People shouldn’t have to battle depression on their own. Nor should they be left alone to fight anxiety. Our clinically led pathway, Stronger Minds, makes sure we're on hand to intervene early if your employees need support with their mental health.
Thriving at work1 – a major report on mental health and employers, commissioned by Prime Minister Theresa May – has highlighted the impact of mental ill health in the workplace. It’s called on employers to rise to the challenge of addressing one of the biggest issues affecting the performance and productivity of workers in the UK today.
Its authors – mental health campaigner Lord Denis Stevenson and Paul Farmer, chief executive of Mind and chair of the NHS Mental Health Taskforce – show that poor mental health costs employers between £33bn and £42bn a year. This is in addition to an estimated £37bn to £52bn cost to the economy in lost output and £25bn cost to the government due to reduced tax intake, NHS treatment costs and ill-health related welfare payments.
In March 2017 Deloitte released their paper, ‘Workplace mental health and wellbeing - at a tipping point?’2 where they highlighted the following five key implementation challenges for employers when considering their mental health strategy:
- Failure to see mental health and wellbeing as a priority
- Mental health and wellbeing policies are reactive and driven by staff events or experience
- Lack of insight around current performance
- Poor evidence base to measure return on investment of wellbeing strategies
- Lack of collective knowledge around best practice.
Both in Stevenson-Farmer’s Independent Review and in our experience we see hugely positive trends with employers increasing their focus on mental health. Many companies provide valuable services such as Employee Assistance Programmes, Occupational Health and wellbeing initiatives.
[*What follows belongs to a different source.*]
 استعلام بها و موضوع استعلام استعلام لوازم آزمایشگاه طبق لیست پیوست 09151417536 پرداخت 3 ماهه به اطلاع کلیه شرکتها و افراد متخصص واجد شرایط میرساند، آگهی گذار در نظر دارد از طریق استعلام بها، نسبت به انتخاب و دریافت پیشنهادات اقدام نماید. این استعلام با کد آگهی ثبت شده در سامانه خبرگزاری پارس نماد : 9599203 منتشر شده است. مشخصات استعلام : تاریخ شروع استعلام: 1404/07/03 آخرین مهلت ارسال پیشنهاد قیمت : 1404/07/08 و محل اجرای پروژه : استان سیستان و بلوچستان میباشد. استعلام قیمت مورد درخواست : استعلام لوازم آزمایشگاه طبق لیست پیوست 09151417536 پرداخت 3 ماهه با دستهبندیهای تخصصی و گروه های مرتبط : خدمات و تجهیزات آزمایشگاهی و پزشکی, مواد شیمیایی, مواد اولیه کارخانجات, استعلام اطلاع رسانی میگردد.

Yet it’s time to take stock and critique our strategies to best support:
- Employee awareness
- Encourage higher utilisation of available support
- Better integrate multiple services to support case management
- Do more to prevent the onset of mental ill health and build resilience
- Seek to provide a strategy which supports all stages of mental health.
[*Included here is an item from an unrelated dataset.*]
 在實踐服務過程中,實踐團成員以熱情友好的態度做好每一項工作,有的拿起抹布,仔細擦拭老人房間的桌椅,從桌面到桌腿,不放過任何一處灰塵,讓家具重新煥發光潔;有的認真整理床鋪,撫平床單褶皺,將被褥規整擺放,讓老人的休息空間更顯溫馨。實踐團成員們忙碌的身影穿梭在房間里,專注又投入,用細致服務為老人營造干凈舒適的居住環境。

The company isn’t the only one that pays for poor mental health
The human costs of poor mental health are also steep – not only are individuals with long-term mental health disorders much less likely to find work, an estimated 300,000 lose their jobs every year. The problem is growing – according to the UK Labour Force Survey, the number of sick days taken due to mental health problems increased from 13.0m days in 2010 to 15.8m days in 2016, accounting for nearly I in 8 of all work days lost to ill health3.